# [WHAT THIS TASK INVOLVES]
When writing out the entries below, keep only the lines from the line with "Publiser oktober 3, 2019" to the line with "3月18日,記者聯(lián", both included, exactly as they are, and leave the pictures aside.

---------- RECORD SET

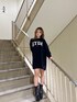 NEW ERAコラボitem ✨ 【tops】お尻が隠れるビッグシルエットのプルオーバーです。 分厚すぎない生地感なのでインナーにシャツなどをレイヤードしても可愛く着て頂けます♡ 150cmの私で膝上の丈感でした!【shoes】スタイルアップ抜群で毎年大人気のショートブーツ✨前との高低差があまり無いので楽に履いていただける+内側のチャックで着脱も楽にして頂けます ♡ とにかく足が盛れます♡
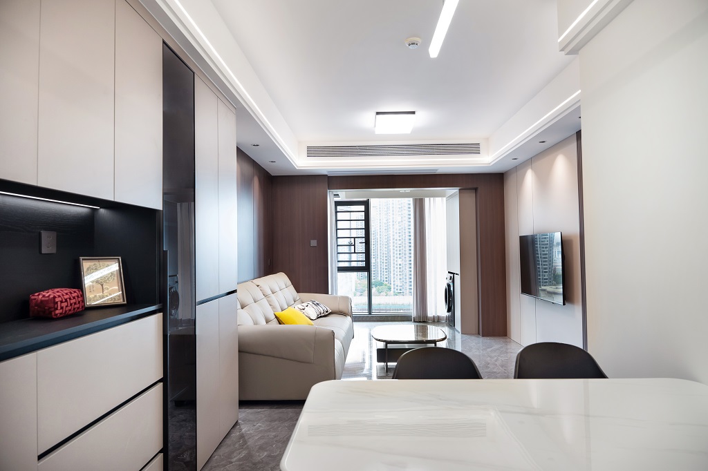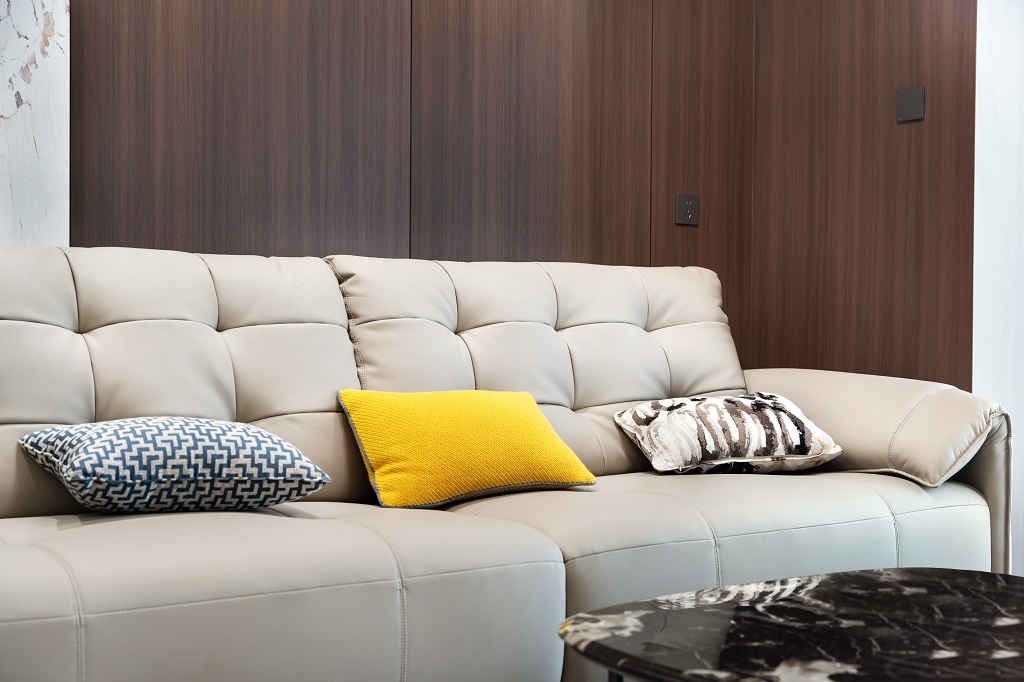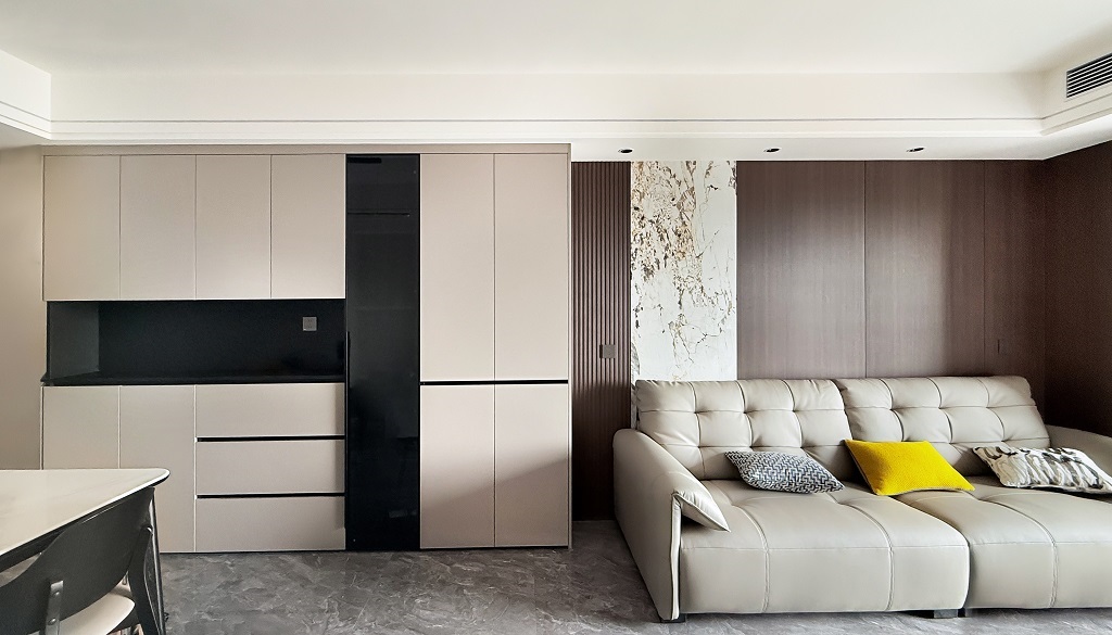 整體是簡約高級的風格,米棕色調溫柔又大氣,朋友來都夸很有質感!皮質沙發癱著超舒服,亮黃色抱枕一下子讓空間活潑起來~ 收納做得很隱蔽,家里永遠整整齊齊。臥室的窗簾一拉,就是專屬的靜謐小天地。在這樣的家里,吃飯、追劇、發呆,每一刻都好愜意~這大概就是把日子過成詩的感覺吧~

--------------------
---------- RECORD SET

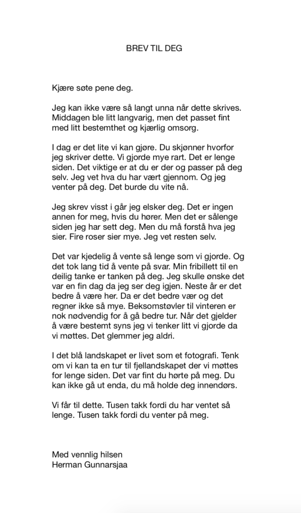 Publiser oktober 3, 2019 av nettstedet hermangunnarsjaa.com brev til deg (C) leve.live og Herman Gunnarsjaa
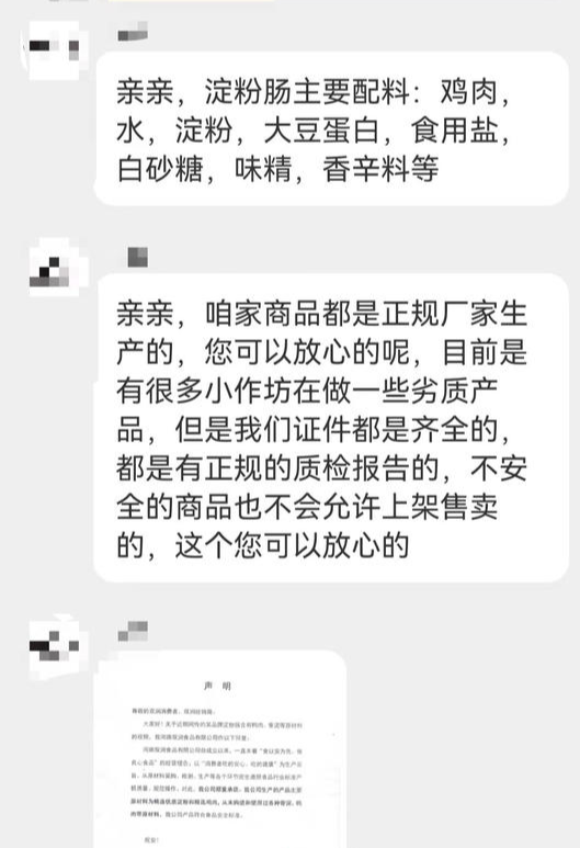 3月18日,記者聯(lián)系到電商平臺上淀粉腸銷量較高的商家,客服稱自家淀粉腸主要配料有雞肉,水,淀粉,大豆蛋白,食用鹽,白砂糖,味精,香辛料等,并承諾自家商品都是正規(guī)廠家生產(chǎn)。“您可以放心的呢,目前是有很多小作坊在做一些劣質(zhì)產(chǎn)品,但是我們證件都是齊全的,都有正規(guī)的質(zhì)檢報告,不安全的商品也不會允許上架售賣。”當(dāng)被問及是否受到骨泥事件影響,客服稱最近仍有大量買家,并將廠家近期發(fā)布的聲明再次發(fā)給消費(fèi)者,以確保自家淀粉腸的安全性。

--------------------

# [COMPLETED TASK]
 Publiser oktober 3, 2019 av nettstedet hermangunnarsjaa.com brev til deg (C) leve.live og Herman Gunnarsjaa
 3月18日,記者聯(lián)系到電商平臺上淀粉腸銷量較高的商家,客服稱自家淀粉腸主要配料有雞肉,水,淀粉,大豆蛋白,食用鹽,白砂糖,味精,香辛料等,并承諾自家商品都是正規(guī)廠家生產(chǎn)。“您可以放心的呢,目前是有很多小作坊在做一些劣質(zhì)產(chǎn)品,但是我們證件都是齊全的,都有正規(guī)的質(zhì)檢報告,不安全的商品也不會允許上架售賣。”當(dāng)被問及是否受到骨泥事件影響,客服稱最近仍有大量買家,并將廠家近期發(fā)布的聲明再次發(fā)給消費(fèi)者,以確保自家淀粉腸的安全性。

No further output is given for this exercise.